■ Task ■
Your output consists solely of the lines from the one that contains "Triathlon at the" to the end of the material, each reproduced exactly; pictures do not belong in it.

■ Supplied data ■
Segment Open

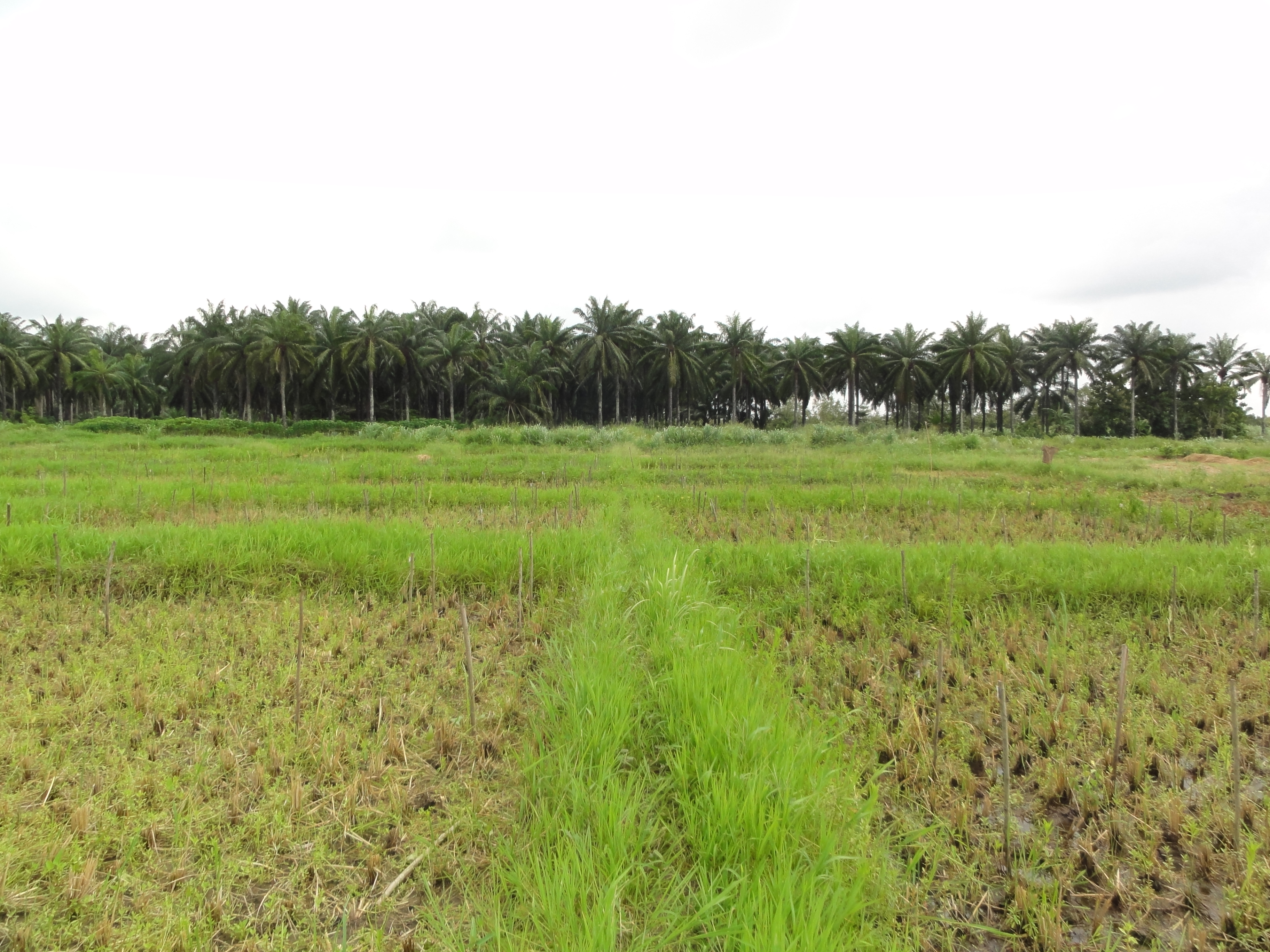 Rice cultivation in Benin
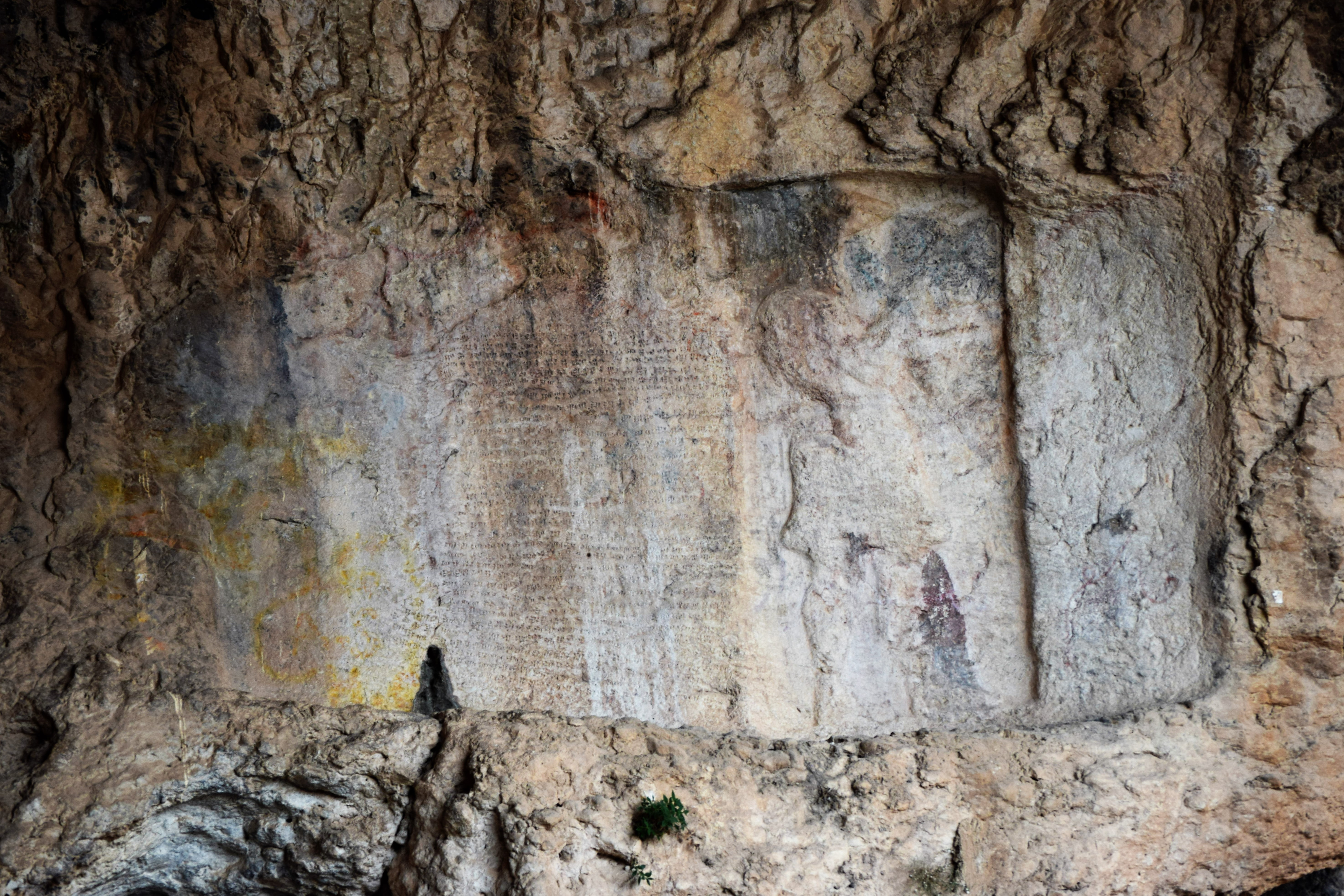 Elamite Relief of Shekaft-e Salman III
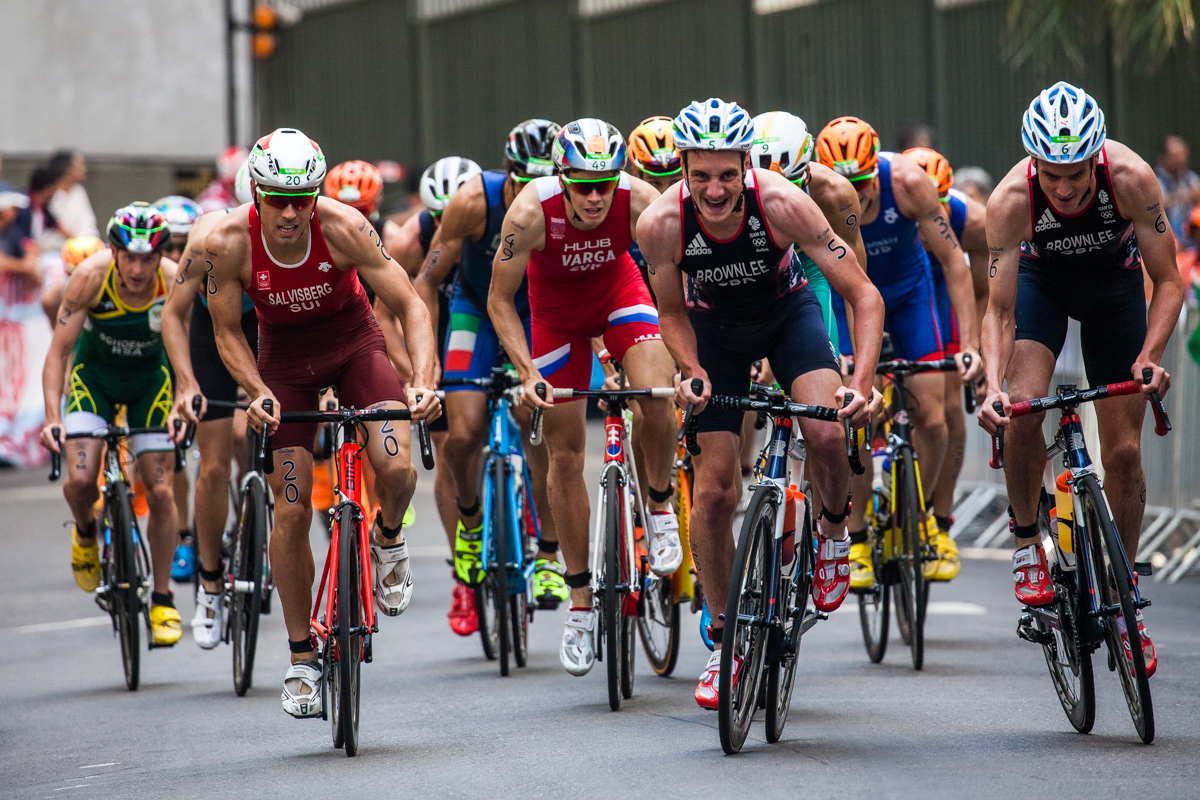 Triathlon at the 2016 Summer Olympics – Men's
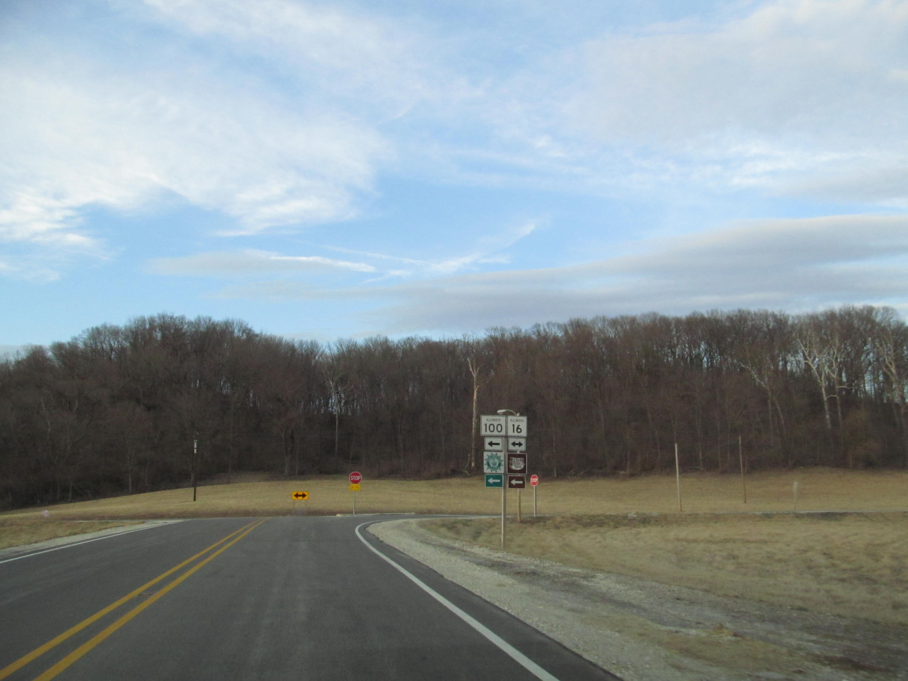 East end of Illinois Route 16/Illinois Route 100 overlap.

Segment Closed

■ Answer section ■
 Triathlon at the 2016 Summer Olympics – Men's
 East end of Illinois Route 16/Illinois Route 100 overlap.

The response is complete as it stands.